- Born: August 19, 1966 (age 59) Roselle, New Jersey, U.S.
- Occupation: Actor
- Years active: 1987, 2001–present
- Known for: Law & Order

= Chris McGarry =

American actor (born 1966)

Chris McGarry (born August 19, 1966) is an American actor born in Roselle, New Jersey, known for his performance in the American television series Law & Order on NBC from 2001 to 2005. Some of his other television acting credits include Law & Order: Special Victims Unit, CSI: Crime Scene Investigation, The Sopranos, The Unit, Boston Legal, Mad Men, Big Love and 24. In 2012, he had a four-episode stint as Dr. Banks in the series Awake.
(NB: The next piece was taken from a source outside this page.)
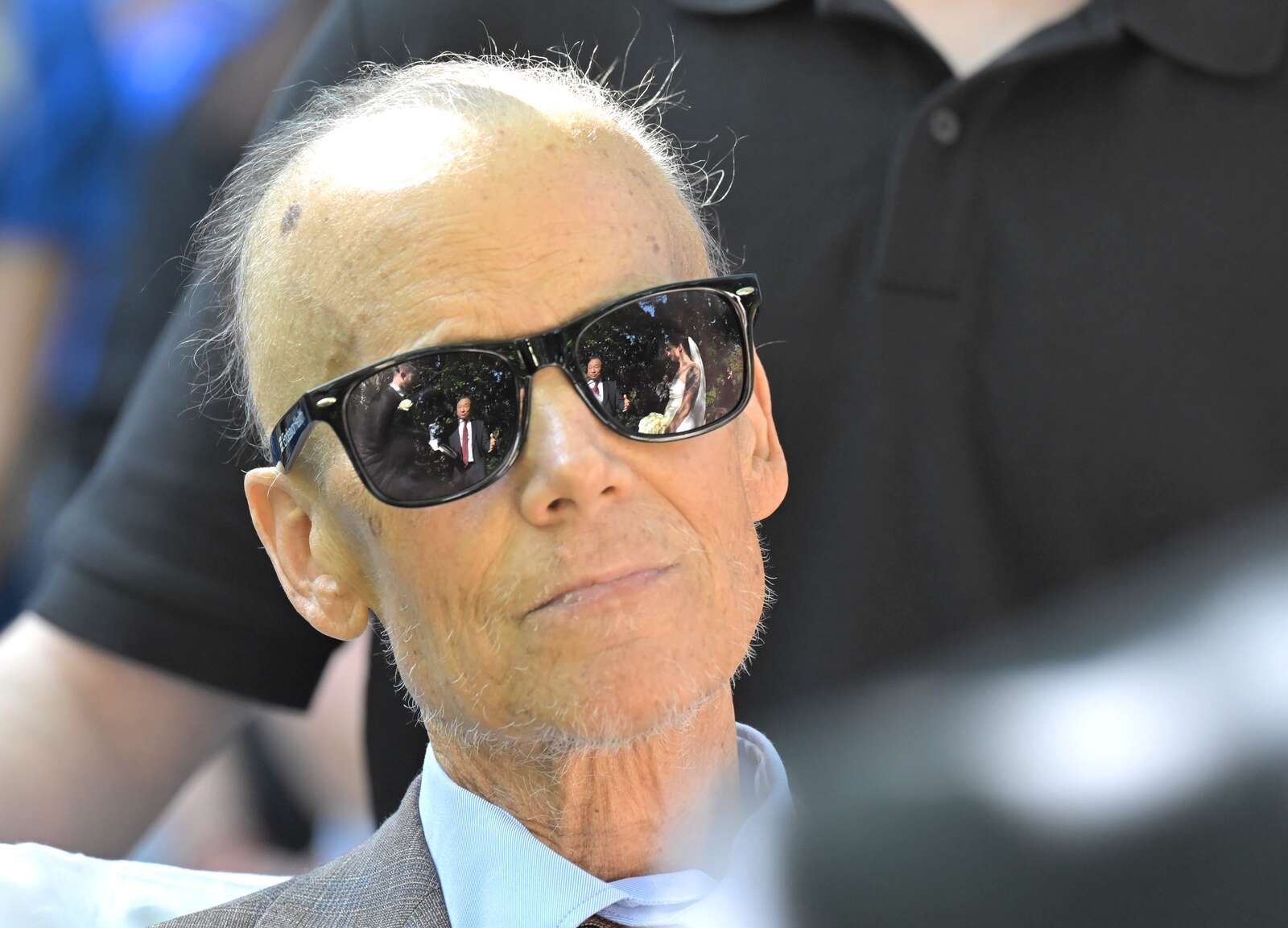 He wore a light brown suit, boutonnière pinned to the lapel, black sunglasses and a beaming smile.

In 2023, he appeared as the main character in The Murdoch Murders, directed by Jason Winn.

McGarry has also performed on stage in the New York City and Chicago area.
He made his Broadway Debut in SALOME with Al Pacino and starred opposite Cherry Jones in the National Broadway Tour of John Patrick Shanley's DOUBT. McGarry also starred opposite Timothee Chalamet and Robert Sean Leonard in Shanley’s PRODIGAL SON for Manhattan Theatre Club and with Tom Hardy in Brett C. Leonard's THE LONG RED ROAD, directed by Philip Seymour Hoffman, at The Goodman Theater in Chicago. He is a member of The Actor's Studio and LAByrinth Theater Company.